**TASK DETAILS**. Your answer must be the lines from the first one in the material through the line with "میکروفون بی سیم", retyped exactly and with no pictures.

**DATASET RECORDS**.
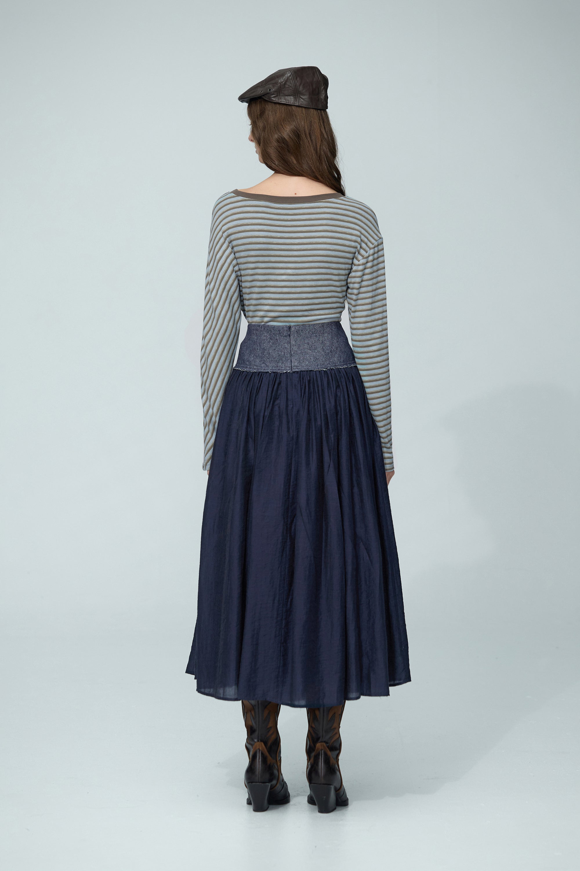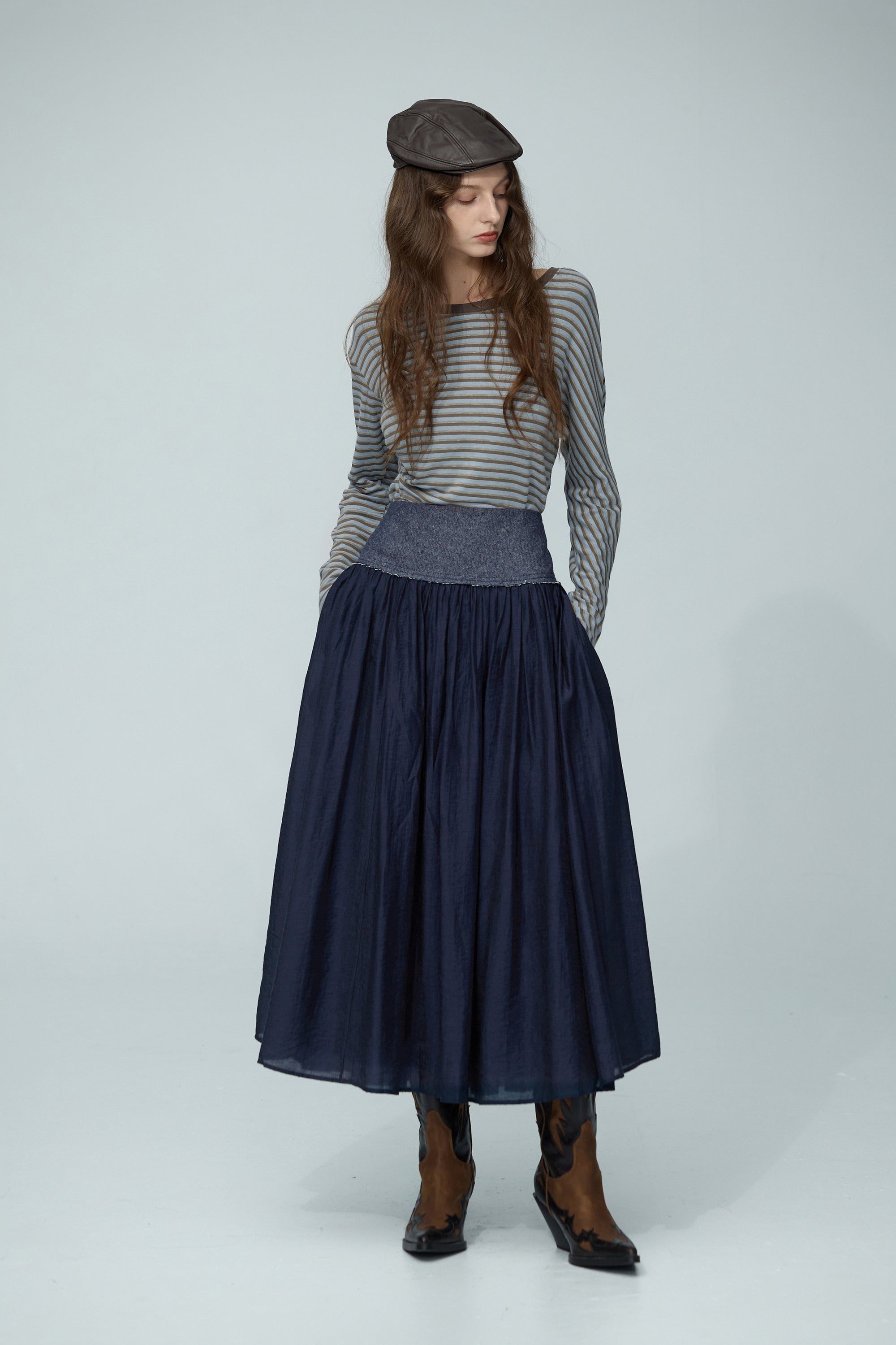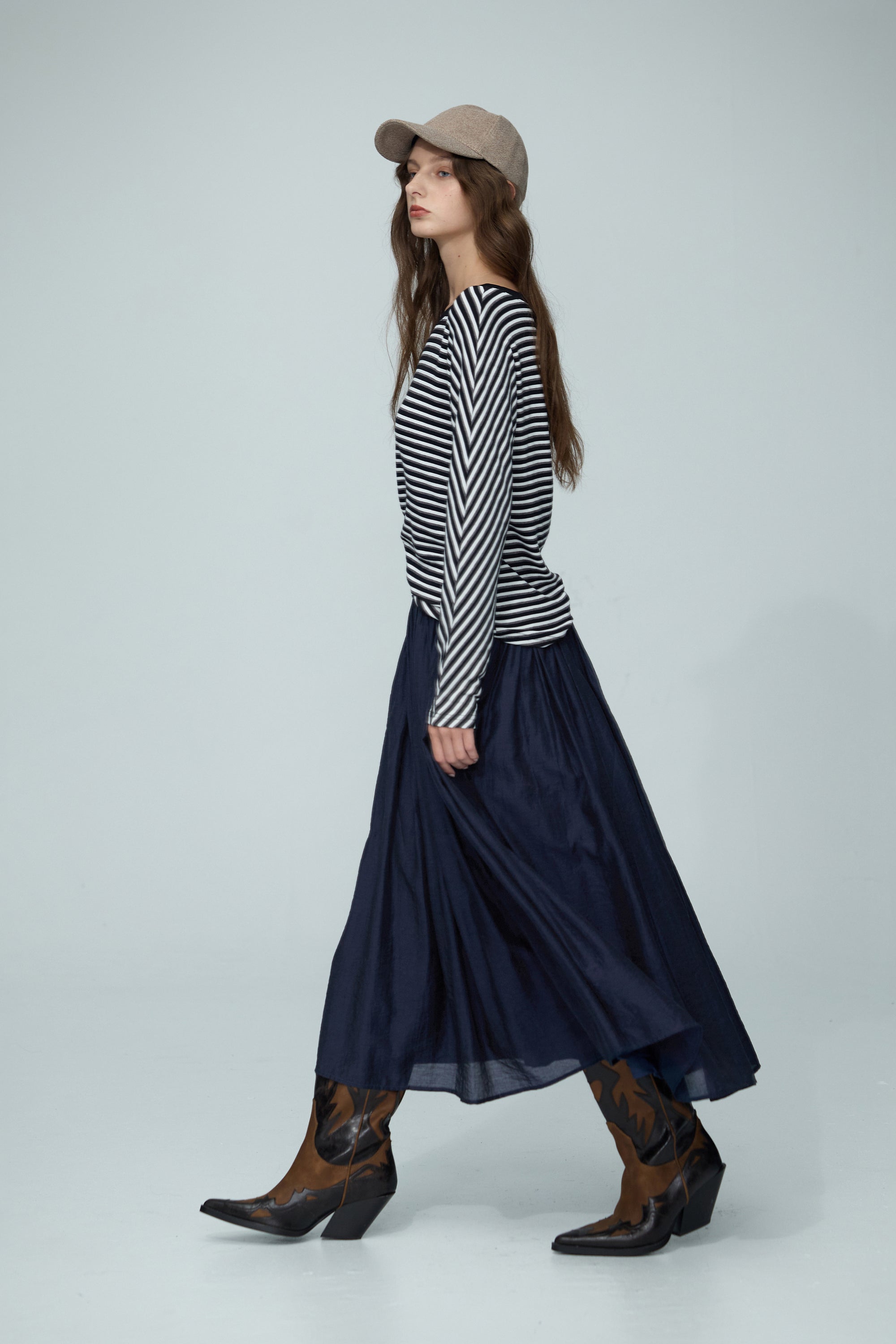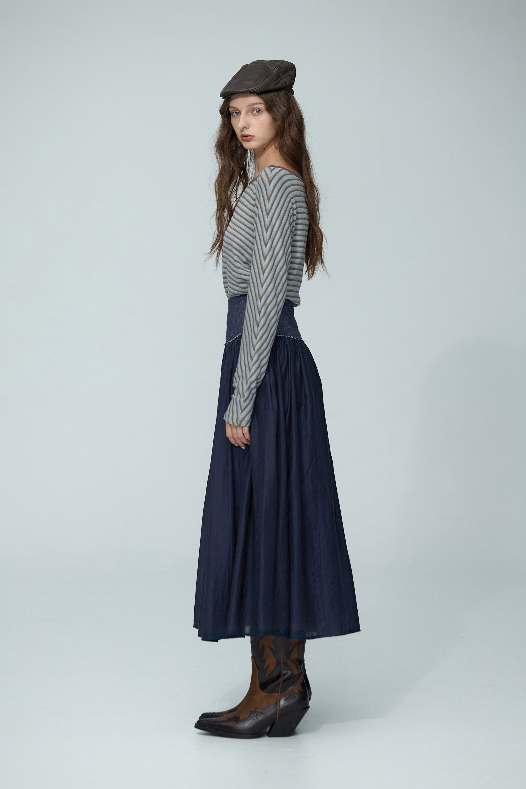 圓領條紋彈性褶皺收腰上衣(附項鍊)-藍色
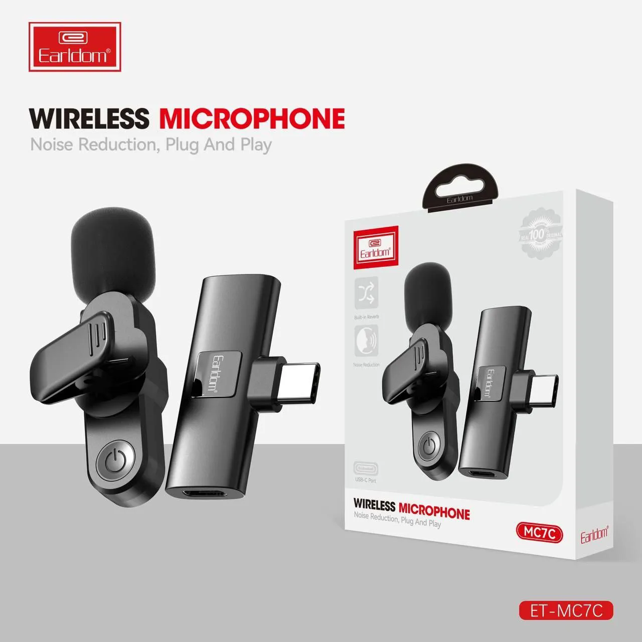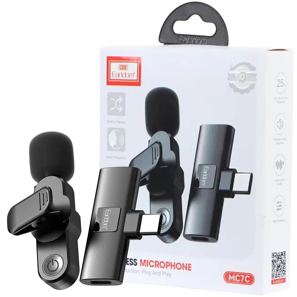 میکروفون بی سیم Earldom Type-C مدل MC7C دارای توری ضد باد، نشانگر، پورت شارژ، گیره ، کلید سوئیچ، پورت برای اتصال تلفن، نشانگر گیرنده، پورت گیرنده، سوراخ طناب می باشد. مناسب کسانی که تولید محتوا انجام می دهند.113027603
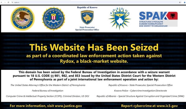 “Këto dy raste (RYDOX dhe BlackDB) janë hetuar në bashkëpunim me autoritetet e ShBA-së (Prokurorinë dhe Byronë Federale të Hetimeve – FBI). Në rastin RYDOX ka pasur bashkëpunim edhe me autoritetet e Shqipërisë (SPAK dhe Policia e Shtetit – Drejtoria e Hetimit të Krimeve Kibernetike) ku është bashkërenduar operacioni policor me ç’rast edhe në Shqipëri është arrestuar një person i dyshuar si bashkëpunëtor i dy të dyshuarve nga Kosova. Të dyshuarit në rastin RYDOX, me qëllim të përfitimit të kundërligjshëm të dobisë pasurore për vete apo personin tjetër, kanë themeluar dhe udhëhequr për disa vite me radhë tregun kriminal online “RYDOX”. Ky treg online ka qenë i dedikuar për keqbërës të cilëve u ka ofruar, shitur dhe trafikuar produkte dhe shërbime të kundërligjshme, përfshirë të dhëna personale të viktimave (shtetas amerikan) si: emra, adresa, numra të sigurimit social, patent shoferi, e-mail adresa dhe fjalëkalime, dhe të dhëna të llogarive bankare për qasje online. Tregu kriminal online ka qenë i vendosur në një server në Malajzi, dhe në bashkëpunim me autoritetet e Malajzisë ky server është sekuestruar.”
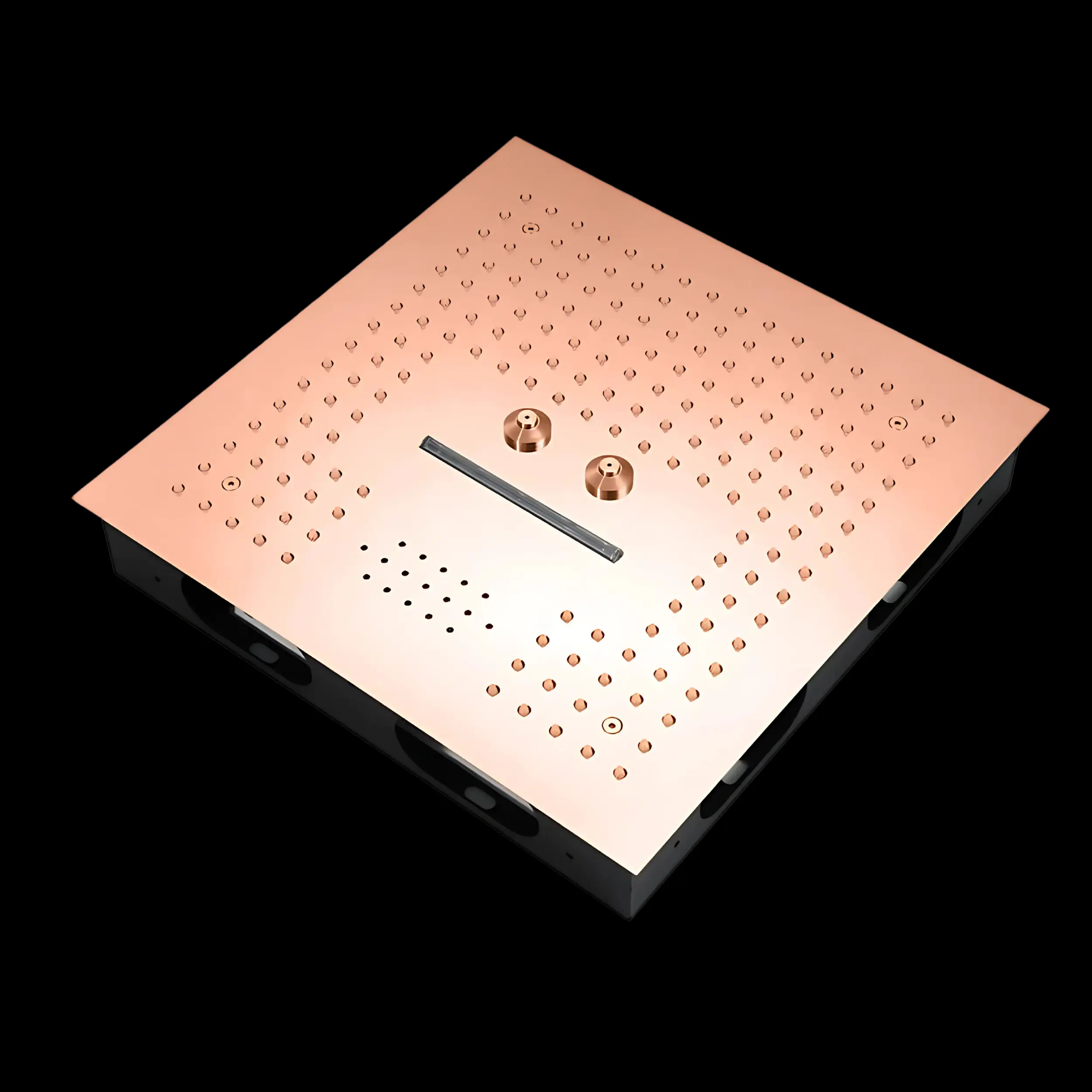 Elevate your bathroom with the BrisaStream Rose Gold Shower (Model No. VV BO-24093-5). This luxurious ceiling-mounted shower features Rain, Waterfall, and Mist functions, along with LED lighting and Bluetooth music connectivity for a truly spa-like experience.
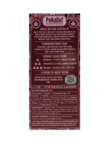 Forbidden Froot Loop PolkaDot Magic Mushroom Belgian White Chocolate 200mg Magic Per Piece

**SOLUTION TO THIS PROBLEM**.
 圓領條紋彈性褶皺收腰上衣(附項鍊)-藍色
 میکروفون بی سیم Earldom Type-C مدل MC7C دارای توری ضد باد، نشانگر، پورت شارژ، گیره ، کلید سوئیچ، پورت برای اتصال تلفن، نشانگر گیرنده، پورت گیرنده، سوراخ طناب می باشد. مناسب کسانی که تولید محتوا انجام می دهند.113027603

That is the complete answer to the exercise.